FedEx and UPS of course just hiked their base rates 6.9% — higher than their usual 5% — so it seems they believe demand will stabilize enough to justify the price increase. I’m not seeing any meaningful freight cost relief on short/intermediate hauls here in the Midwest, either, so for us Made-In-America manufacturers, all this talk accomplishes is handing our retail accounts a tool to reject necessary price increases with….

Craig Sundstrom
Craig Sundstrom
Noble Member
1 year ago

In the interest of introducing a note of holiday cheer — we are already 3 months into the Xmas shopping season, aren’t we? — let me offer another perspective: just as shipping shortages and delays had played an oversized part in the explosion of prices (and earlier shortages) we have seen this past year, a reduction in same signals a return to sanity … shipping companies may not like that they’re no longer running at 110% of capacity, but the rest of us should.

Ananda Chakravarty
Active Member
1 year ago

Retailers have left over stock in their warehouses that they’re looking to sell through first.
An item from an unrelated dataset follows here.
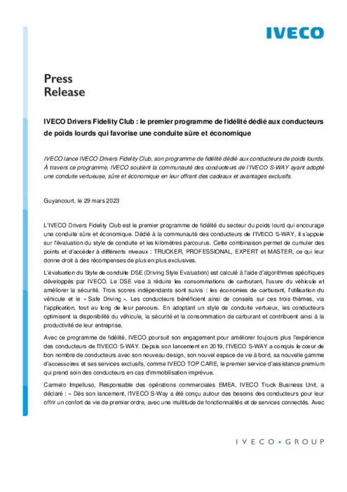 IVECO lance IVECO Drivers Fidelity Club, son programme de fidélité dédié aux conducteurs de poids lourds. À travers ce programme, IVECO soutient la communauté des conducteurs de l’IVECO S-WAY ayant adopté une conduite vertueuse, sûre et économique en leur offrant des cadeaux et avantages exclusifs.

They also downgraded new shipments, to brace for a market downturn, but they’ve done this more cautiously. The problem is that this slowdown is a lagging indicator and provides little if any view as to the future state of long haul shipments. The slowdown may have the effect of lowering shipping costs when the market needs to buy again, so the impact can be positive, but only time will tell. This will have limited impact on inflation, despite clearing up of supply chain congestion.

Kai Clarke
Kai Clarke
Active Member
1 year ago

These freight declines are simply an expected response as the economy responds to increased interest rates and the declining demand that this brings. This decline in orders, will bring about a drop in prices which will decrease the rate of inflation we are seeing. All of this should be expected over the next 12-18 months as the economy rights itself.